A Linux kernel bug patched in May as a routine data-corruption fix just became a weaponized local root exploit. CVE-2026-46331, nicknamed pedit COW, sits in the traffic-control subsystem and lets any unprivileged local user poison the in-memory page cache to gain root — no disk writes, no audit logs, no clicks required. A public, author-verified proof of concept (PoC) dropped June 17. If your servers run RHEL 8/9/10 or Debian 13 and have not been rebooted onto a patched kernel, they are exploitable right now.
What Went Wrong in the Kernel
The flaw lives in tcf_pedit_act(), the function that applies edit rules to network packets inside Linux’s traffic-control (tc) subsystem. Before iterating over its edit keys, the function computes a copy-on-write (COW) range once, using a precomputed hint called tcfp_off_max_hint. That hint does not account for the per-key runtime offset that typed keys add when they resolve against actual packet headers at execution time.
Because the COW range is wrong, the write lands outside the private memory region — into the shared page cache that backs real files on disk. Socket buffers (skb) can reference zero-copy pages pulled in via sendfile, which are intentionally shared across processes. Corrupt one of those, and you corrupt the file in every process that has it mapped.
Researcher Massimiliano Oldani’s PoC, packet_edit_meme, takes aim at /bin/su. It overwrites the setuid binary’s cached ELF entry point in memory with shellcode that calls setgid(0); setuid(0); execve("/bin/sh"). The next time any user runs su, they get a root shell. The disk copy of the binary is untouched. File-integrity monitors see nothing.
Who Is Affected
The bug was introduced in kernel commit 899ee91156e5 and spans Linux v5.18 through v7.1-rc6 — roughly four years of production kernels.
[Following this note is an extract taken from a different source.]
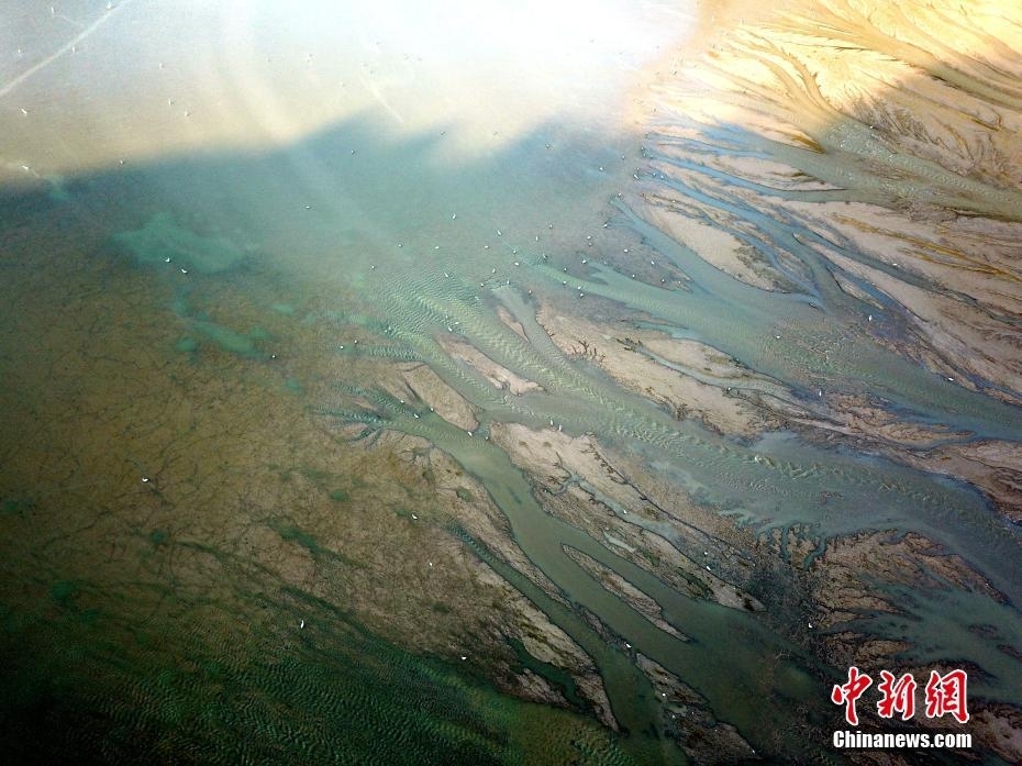 河南濟(jì)源小浪底水庫(kù)黃河三峽段,河底底部紋路明暗相間,酷似樹(shù)影交錯(cuò),成群的水鳥(niǎo)在“枝頭”翔集,美似一副天然油畫。 王中舉 攝

Two conditions must both be true for exploitation:
- The
act_peditmodule is loadable (the default on most enterprise distros) - Unprivileged user namespaces are enabled (
user.max_user_namespaces > 0, also the default)
Distribution status as of June 28, 2026:
- RHEL 8, 9, 10 / AlmaLinux 8: Patched — update and reboot
- Debian 13 (Trixie): Patched — update and reboot
- Debian 11 / 12: Still unpatched as of June 28, 2026
- Ubuntu 18.04–26.04: Check Ubuntu Security Notice for your version
- KernelCare (rebootless patch): Still in testing, not yet available
What to Do Right Now
Three mitigations, in order of preference:
Option 1 — Patch and reboot (strongly preferred):
# RHEL / AlmaLinux
sudo dnf update kernel && sudo reboot
# Debian 13 / Ubuntu
sudo apt update && sudo apt upgrade linux-image-generic && sudo reboot
Option 2 — Block the act_pedit module (safe for most servers):
echo 'install act_pedit /bin/true' | sudo tee /etc/modprobe.d/disable-act_pedit.conf
This does not require a reboot and is safe unless you actively use tc pedit rules for traffic shaping.
Option 3 — Restrict unprivileged user namespaces (breaks containers):
sudo sysctl -w user.max_user_namespaces=0
echo 'user.max_user_namespaces = 0' | sudo tee /etc/sysctl.d/99-pedit-cow.conf
This removes the exploit prerequisite but will break rootless Podman, Docker rootless, and most CI sandbox environments. Use only on hardened servers where containers are not needed.
The Disclosure Problem Nobody Is Talking About
The fix for pedit COW was submitted to the public netdev mailing list in late May under a subject line that read “net/sched: fix pedit partial COW leading to page cache corruption.” No CVE. No security designation. No heads-up to downstream distributors. The patch described the bug clearly enough that anyone reading netdev archives could have built the exploit.
The kernel.org CNA assigned CVE-2026-46331 at merge time on June 16. Oldani’s PoC dropped the next day. Distros were racing to backport a patch for a bug that had been publicly described for weeks.
This is not a one-off. Last week, ByteIota covered DirtyClone (CVE-2026-43503), which followed a nearly identical disclosure arc — public netdev discussion, late CVE, rapid PoC. Both bugs corrupt the page cache without touching disk. Both leave no kernel audit log. The PoC author named packet_edit_meme “yet another page cache poisoning nightmare” — a phrase that lands differently when it is the third significant LPE of this class in 18 months.
The Linux kernel security team is reportedly discussing whether net/sched patches with security implications should route through the private security track rather than open mailing lists. That conversation was overdue.
The Short Version
Update your kernel. Reboot. If you cannot reboot immediately, block act_pedit. The PoC is public, the prerequisites are default-on, and the page cache attack leaves no trail. Waiting is not a strategy.